My chil­dren have four par­ents, as­sorted step-broth­ers and five pairs of grand­par­ents. They have a plethora of aunts, un­cles, cousins and hon­orary fam­ily mem­bers. They have in­her­ited sev­eral new cir­cles of friends. If you ask them, my chil­dren say they feel lucky (OK, maybe partly from the ex­tra birth­day and Christ­mas presents) but they re­alise they are part of a won­der­ful repos­i­tory of wis­dom, life ex­pe­ri­ence and love. My chil­dren never strug­gle for some­one to talk to, to ask about their maths home­work, to lis­ten to their vi­o­lin prac­tice or to find out which bait works best for catch­ing trout. They have learned about chick­ens and bee­hives, foot­ball and fish­ing, com­put­ers and mo­tor­bikes. They un­der­stand shar­ing and tak­ing turns.

They speak the lan­guage of a tribe, of re­la­tion­ship, of con­nec­tion. They un­der­stand the word fam­ily can en­com­pass peo­ple out­side the tra­di­tional bi­o­log­i­cal ori­gin of the term. We have mums and dads and steps of each and broth­ers and step-broth­ers and nan­nies and pop­pas and pas and ma­mas and pop­pies and more nan­nies and helly and gig and aun­ties and un­cles and friends. And we call this un­wieldy con­struct our fam­ily. Let the ex­perts make of it what they will.

And they’re partly right; it’s not per­fect. There are con­flicts and bouts of jeal­ousy, times when our shar­ing skills are chal­lenged and times when we wish we lived alone on a hill (we are hu­man, af­ter all).

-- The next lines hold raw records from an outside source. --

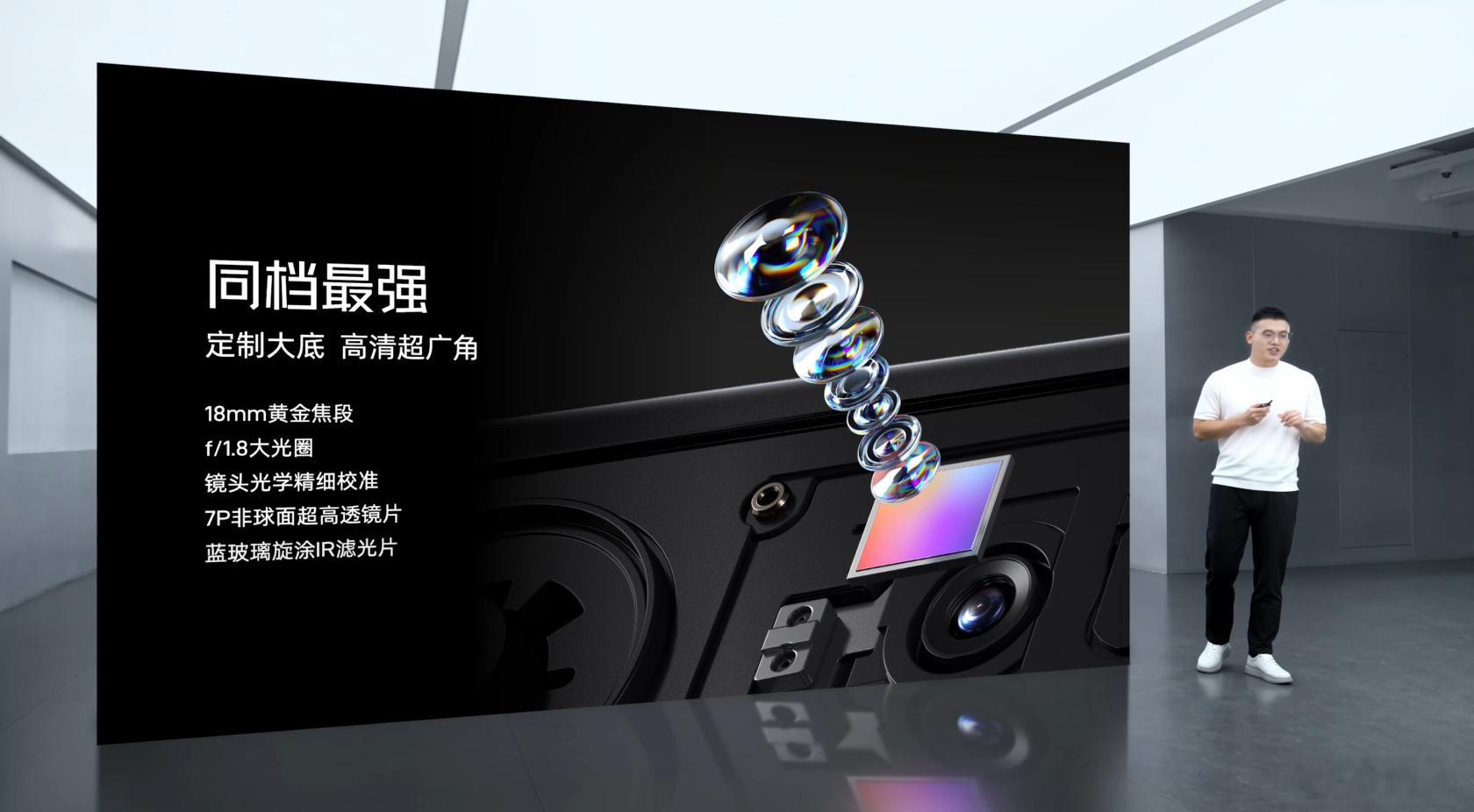 给到了同级最强大底超广角,18mm焦段,还有一颗支持长焦微距的潜望长焦,组成三主摄。
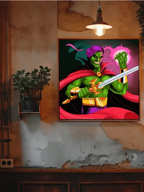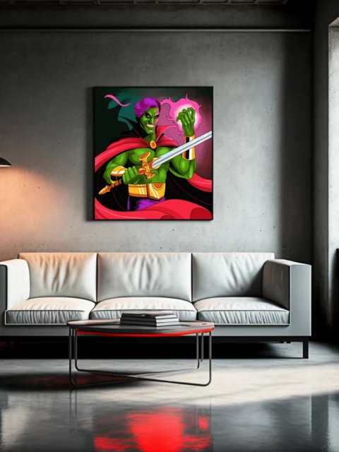 A green-skinned villain brandishes an ornate sword while channeling pink mystical energy. This mr evil art trading card art canvas print showcases Fabricio Vainer’s bold comic book illustration style. Notably, the character’s menacing grin and glowing yellow eyes dominate the composition.
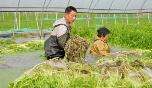 2024年12月6日,江苏省海安市墩头镇长垎村水芹菜大棚种植基地,农民正在水中采收水芹菜。
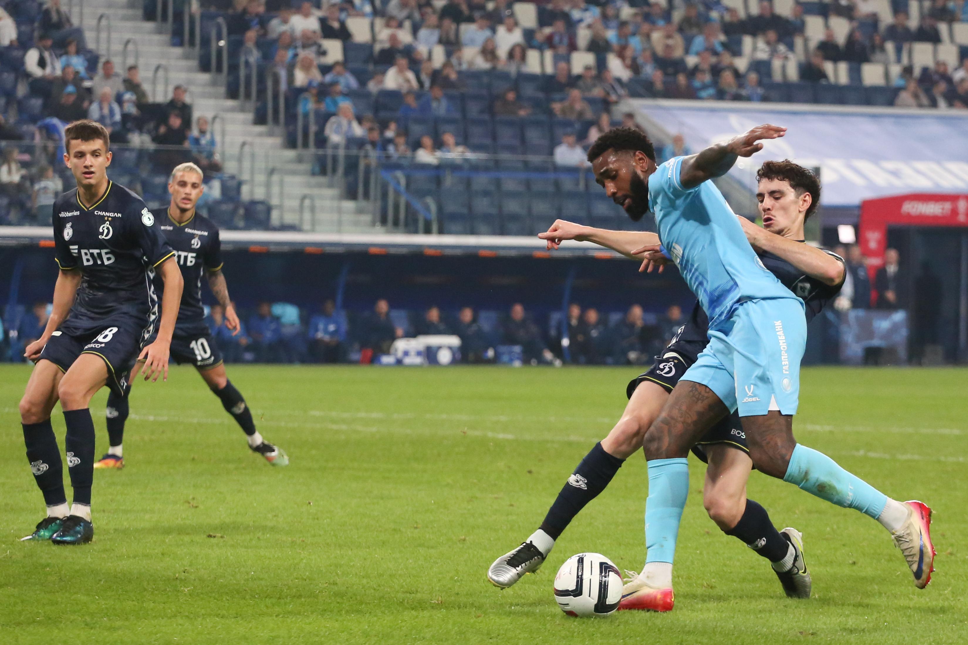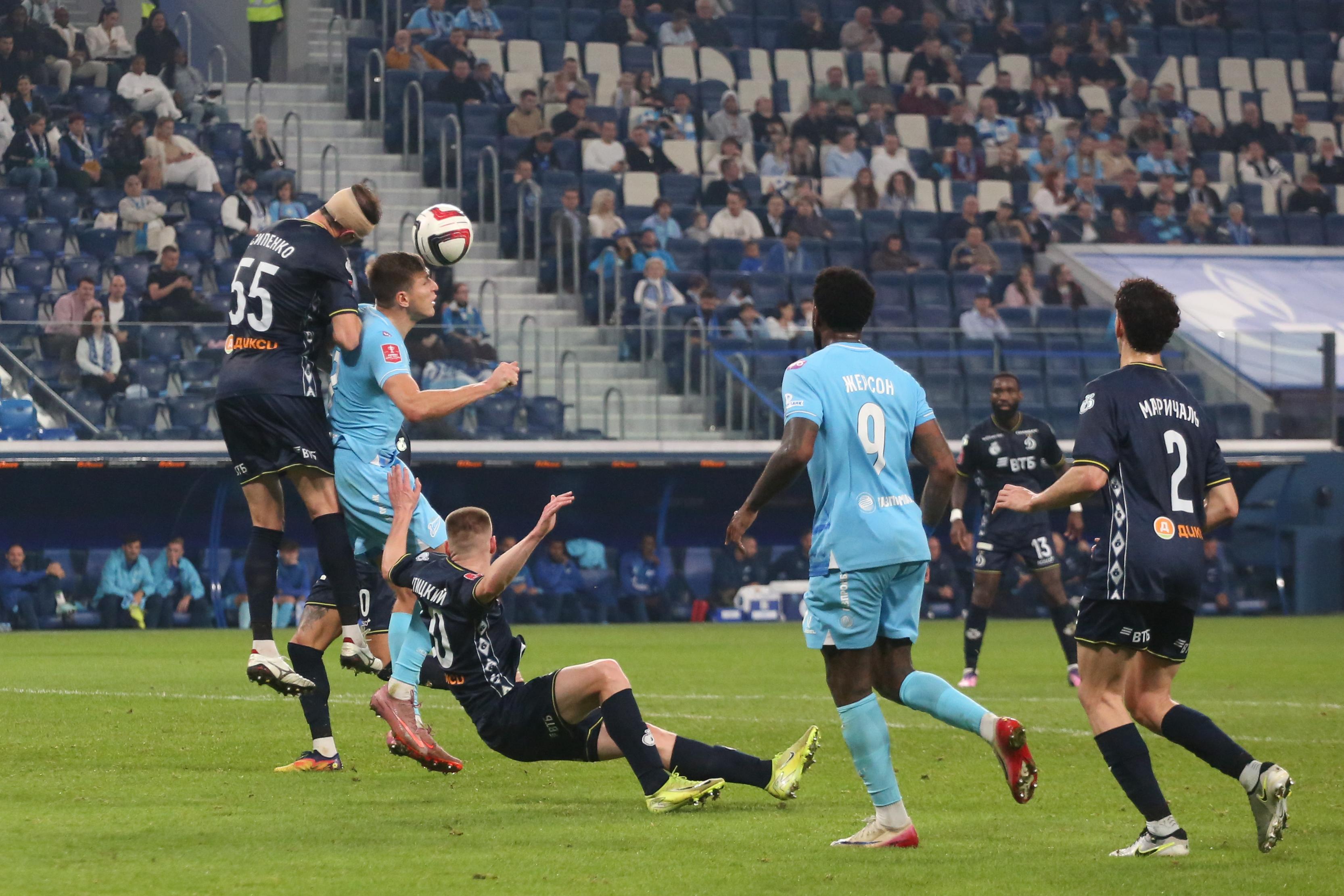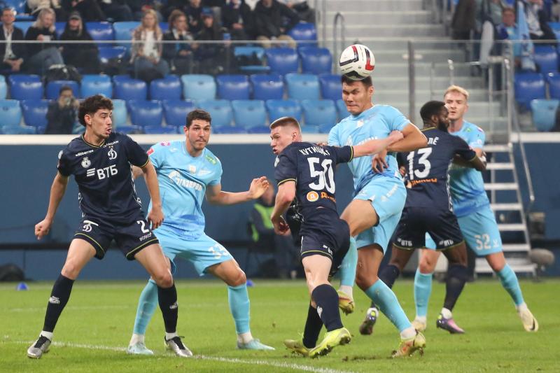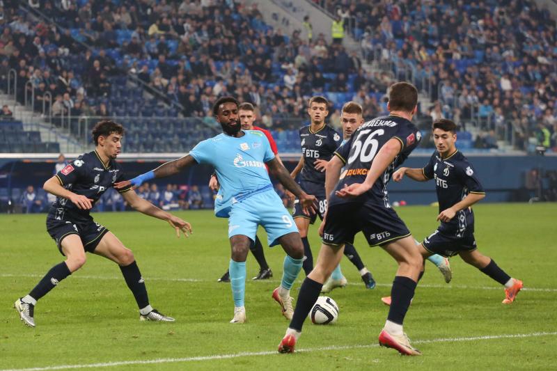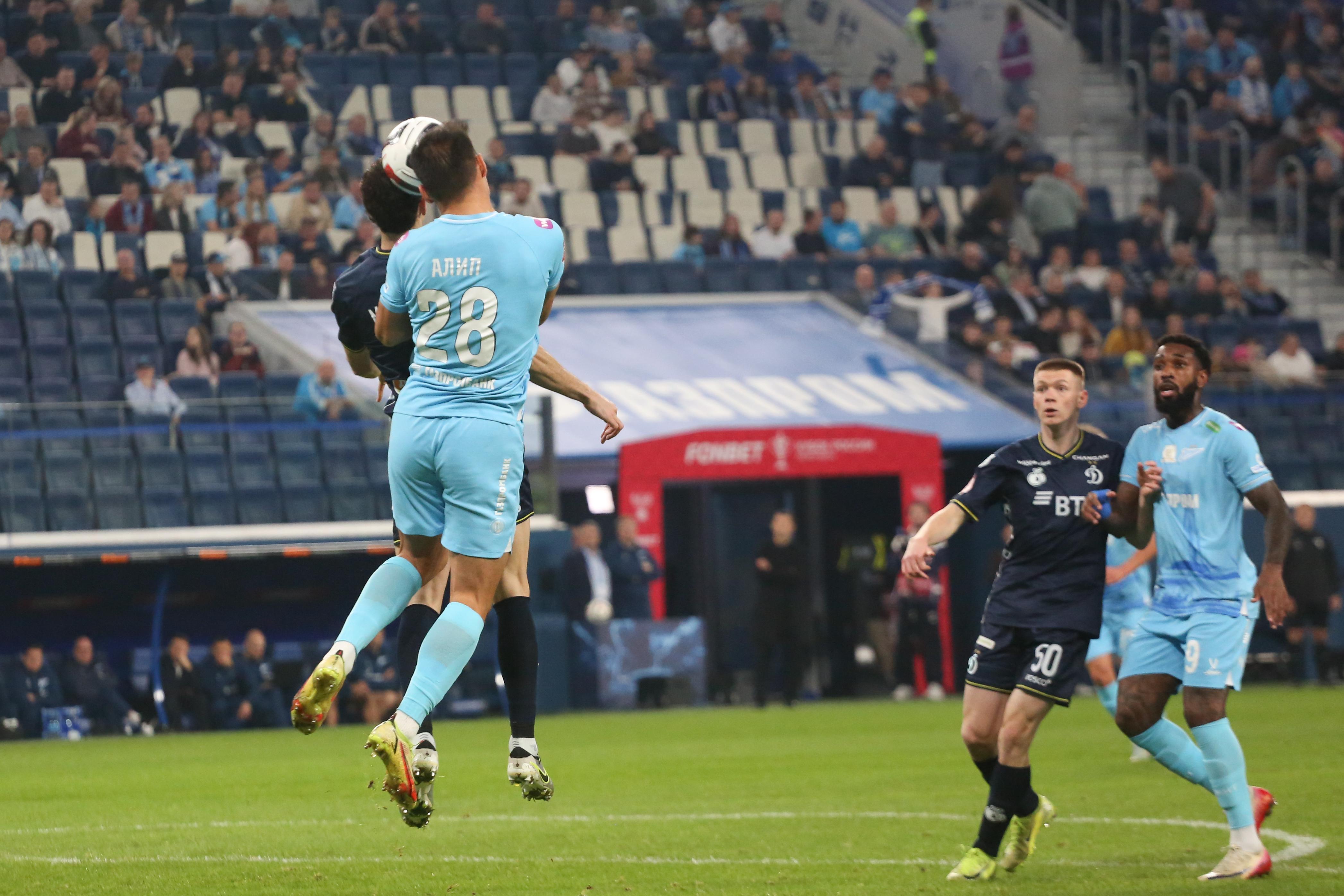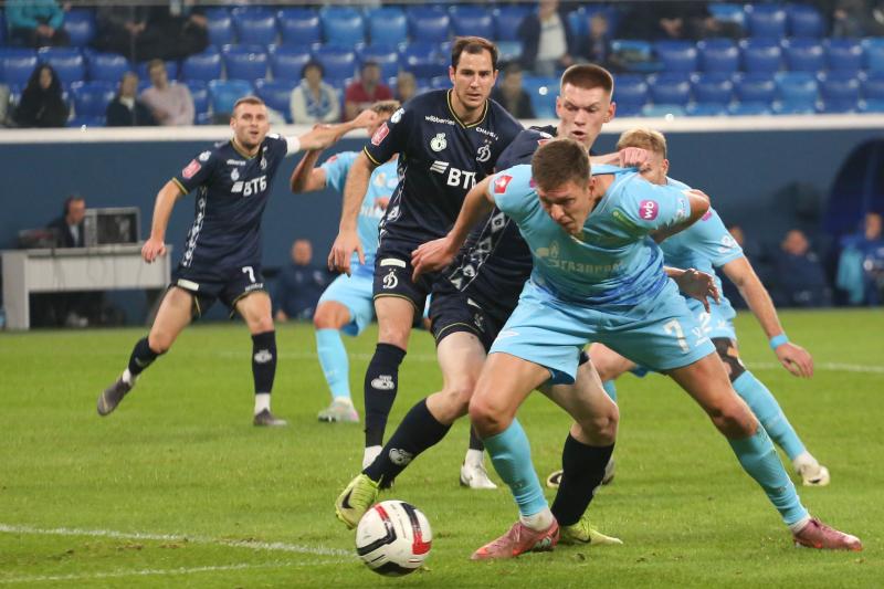 Первый тайм получился скупым на опасные моменты. Зенитовцы в таком варианте состава долго налаживали взаимодействие. Динамовцы, у которых ротация не была столь масштабной, смотрелись более сыгранной командой. На 30-й минуте гости получили право на штрафной удар с очень хорошей позиции, но Бителло пробил в «стенку». Последовали два угловых у ворот хозяев, но москвичи не создали угроз.

The over­whelm­ing emo­tion, though, is love. My chil­dren know they are spe­cial, be­cause so many peo­ple love them and tell them so. They know they are part of some­thing strong and en­dur­ing, re­gard­less of what you call it.

Our fam­ily is a strangely beau­ti­ful set of per­son­al­i­ties. My chil­dren know about re­spect and ac­cep­tance, as the peo­ple who make up their fam­ily come from a range of back­grounds, faiths and cul­tures. My kids don’t need to learn about mul­ti­cul­tur­al­ism and tol­er­ance at school — we are our own di­verse com­mu­nity. So, ex­perts be damned. In our eyes it’s the love that ties its mem­bers to­gether that counts. Of all the lessons my chil­dren will learn in their com­plex lives, I most want them to carry this one into the world.